Klud
By Marcello Dolce, Eve Doolin, Neidy Godinez, Jessica Hang, Anna Helm, Martin Lammert, Ian Stanton, Brandon Jardine.
Opening January 21, 2016 @ 7:30 pm
On view January 21, 2016 – February 21, 2016

toweltest1

 

Emergency Room and Matchbox galleries, together with newly formed Sculpture Library at Rice University, are pleased to present the group exhibition Klud, which brings together eight young Los Angeles artists, all of whom recently completed undergraduate art school at USC. Working in far flung Los Angeles neighborhoods such as Highland Park, Studio City, Boyle Heights, Mid-Wilshire and Cypress Park (and the relatively exotic zone of St Louis), the group will assemble in Houston for a three-room exhibition of recent work.
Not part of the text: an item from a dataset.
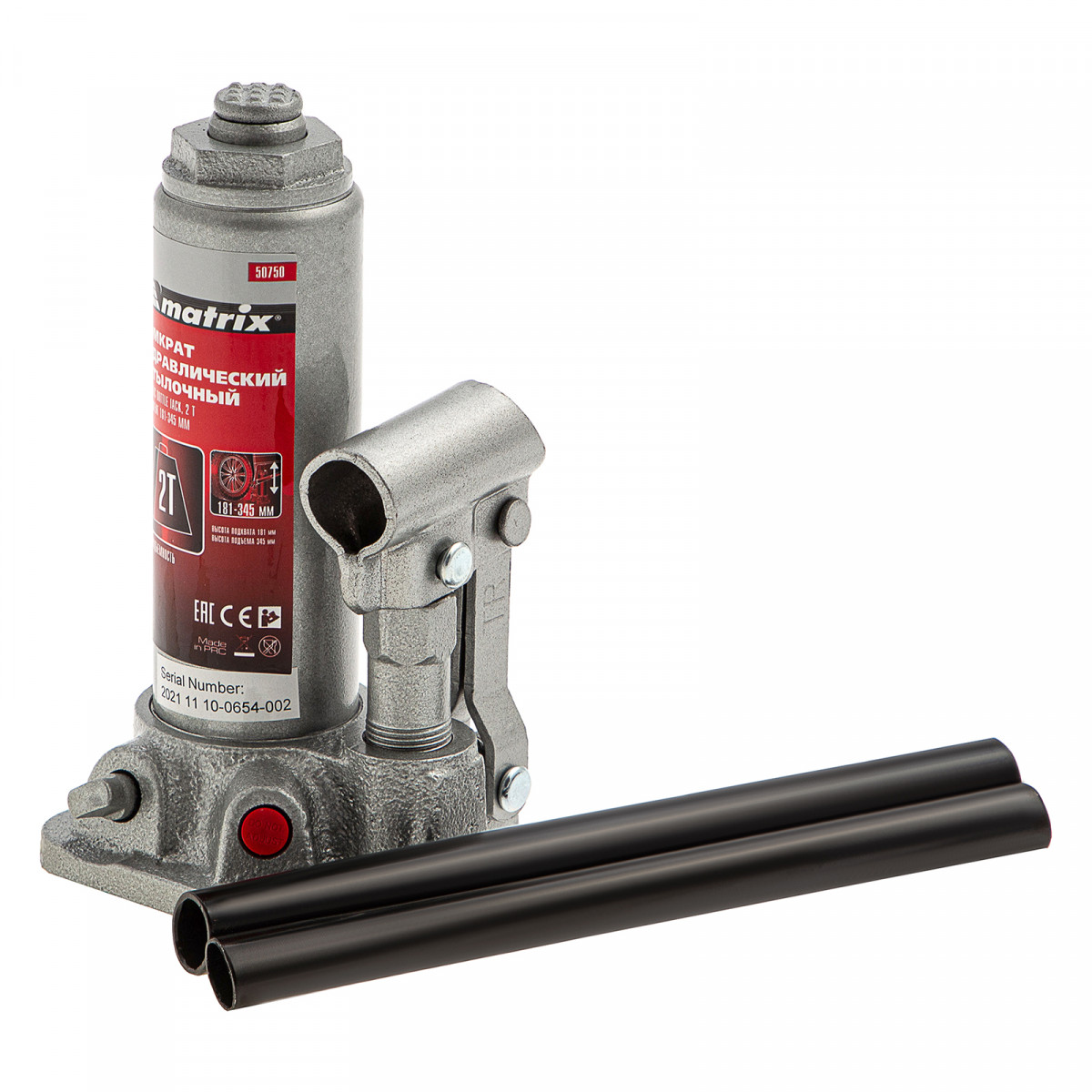 Домкрат гидравлический бутылочный Matrix 50750 предназначен для подъема грузов массой до 2 т на высоту от 181 до 345 мм. Оптимален для машин с большим клиренсом. Будет полезен автолюбителям при проведении технического обслуживания и ремонте авто в дороге или в гараже. Также домкрат подходит для полупрофессионального применения на станциях ТО.
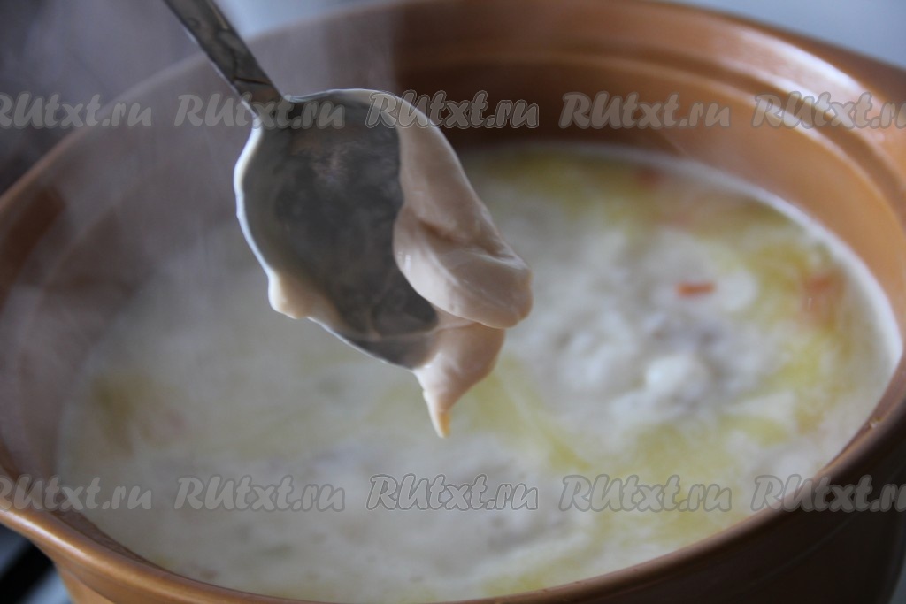 Если необходимо, можно добавить соль, пропущенный через пресс чеснок, порезанную зелень, дать сырному супу с фаршем закипеть и выключить огонь.

Employing sculpture, photography, and painting, Klud will mark the first public exhibition of many of the participating artists.
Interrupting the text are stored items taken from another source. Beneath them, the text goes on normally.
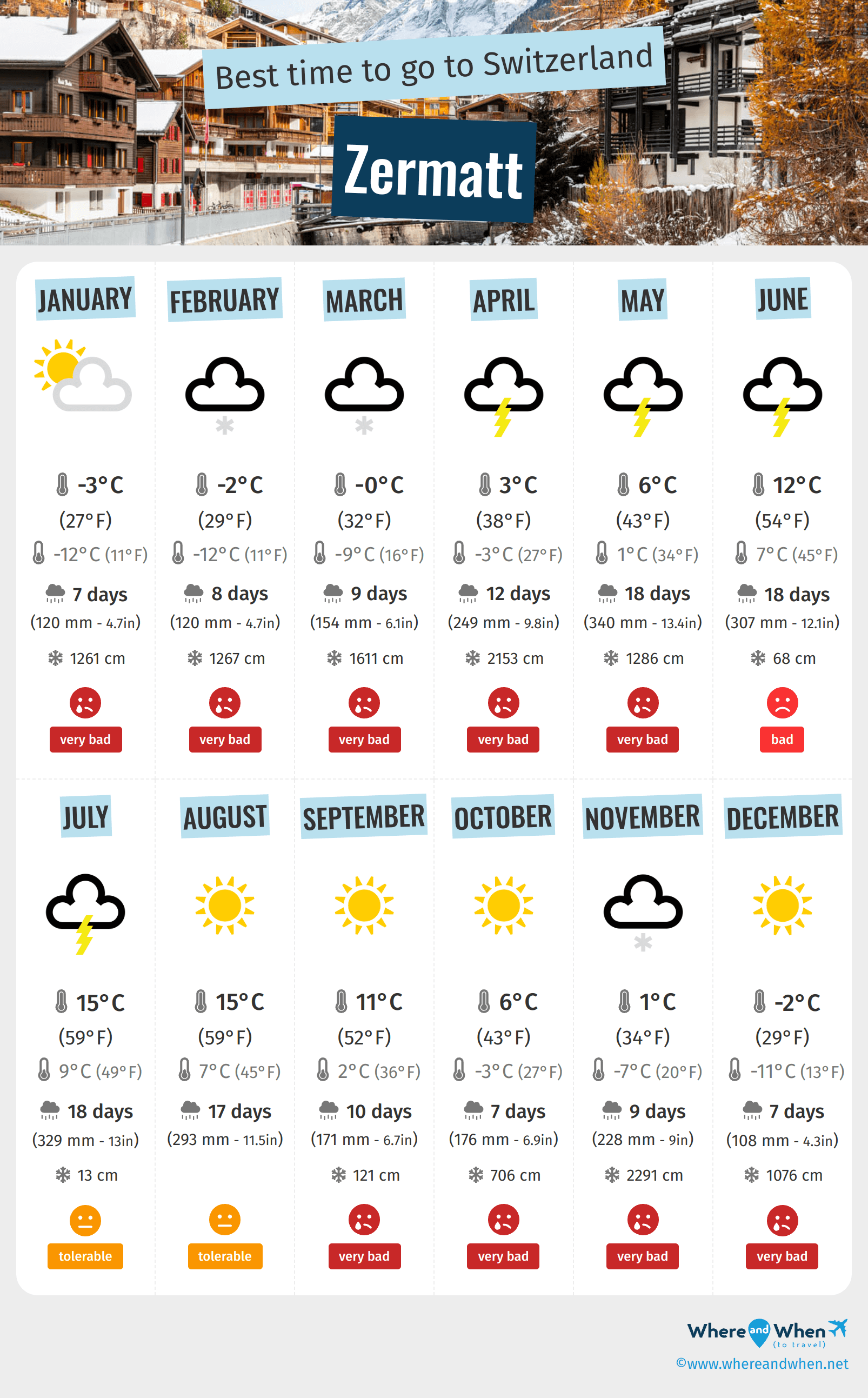 When is the best time to go to Zermatt? Here's some information to help you in your decision:
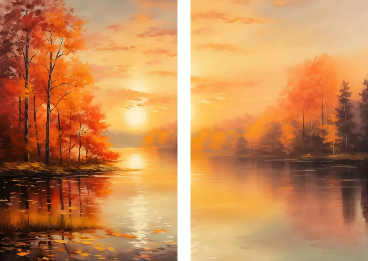 Pictură pe pânză Pădurea de toamnă pe fundalul apusului de soare Nr m01051
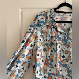 Joie Long Sleeve Floral White, Blue, and Orange Blouse Size Large

If klud was a real word, it would suggest something muted and declarative at the same time. The word is an onomatopoeic cross between clunk and thud, suggesting a heavy thump like the thud of a body when it hits the ground. Klud is unexpected, an intrusion and, possibly, an abrupt change of plans. Klud is a thought redirected before it is even formed, an articulate grunt, a particulate thud, and for the artists in the show, an interruption before there is anything to be interrupted. Klud is the sound of the other shoe falling first.
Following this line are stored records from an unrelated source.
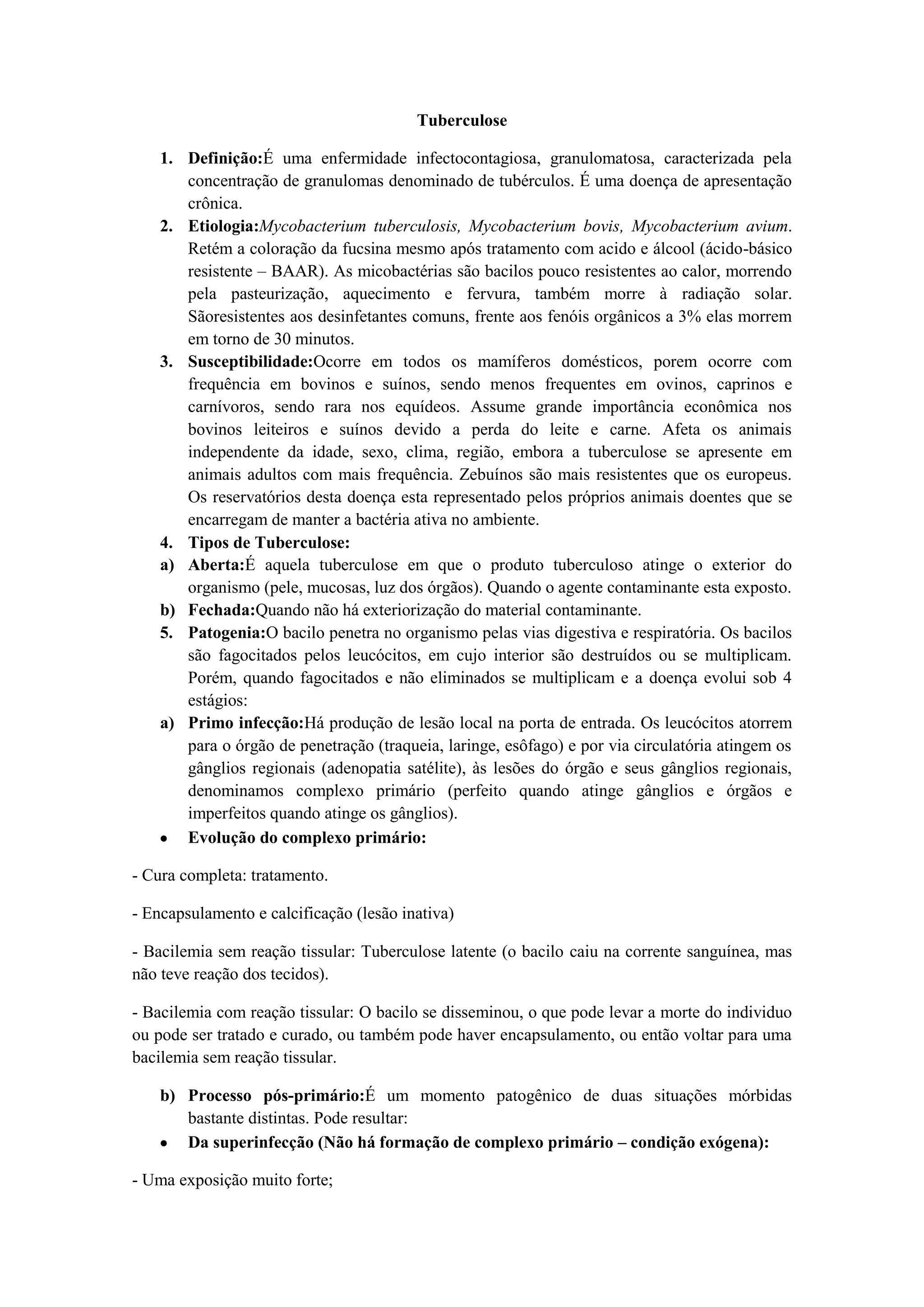 1. A tuberculose é uma doença infectocontagiosa causada pela bactéria Mycobacterium tuberculosis que forma lesões granulomatosas chamadas tubérculos.
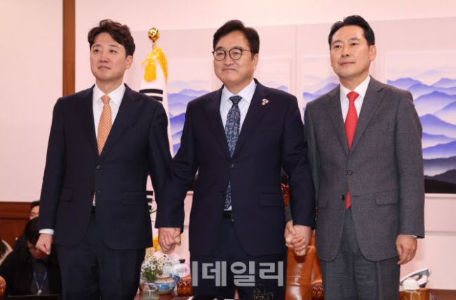 우원식 국회의장이 13일 오후 서울 여의도 국회에서 의장실을 방문한 장동혁 국민의힘 대표, 이준석 개혁신당 대표와 기념촬영을 하고 있다.
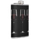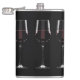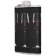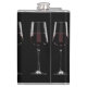 Wine glasses with red wine on black hip flask

In 1968 Joseph Beuys, Henning Christianesen and Johanes Stüttgen recorded the performance Ja Ja Ja Ja Ja Ja Nee Nee Nee Nee Nee [Yes Yes Yes Yes Yes No No No No No] at Staatliche Kunstakademie Dusseldorf. For almost an hour, the three participants recited the phrase Ja Ja Ja Ja Ja Nee Nee Nee Nee Nee at varying speeds and pitch, but mostly in a loosely rhythmic murmur. In this piece, Beuys gives us a ceaseless repetition of responses (yes, yes, no, no) to an unknown question that we never asked. To certain ears, this mumbled chanting produces a kludding rather than entrancing or hypnotic effect. Beuys’ recording could be considered a sound track to this exhibition.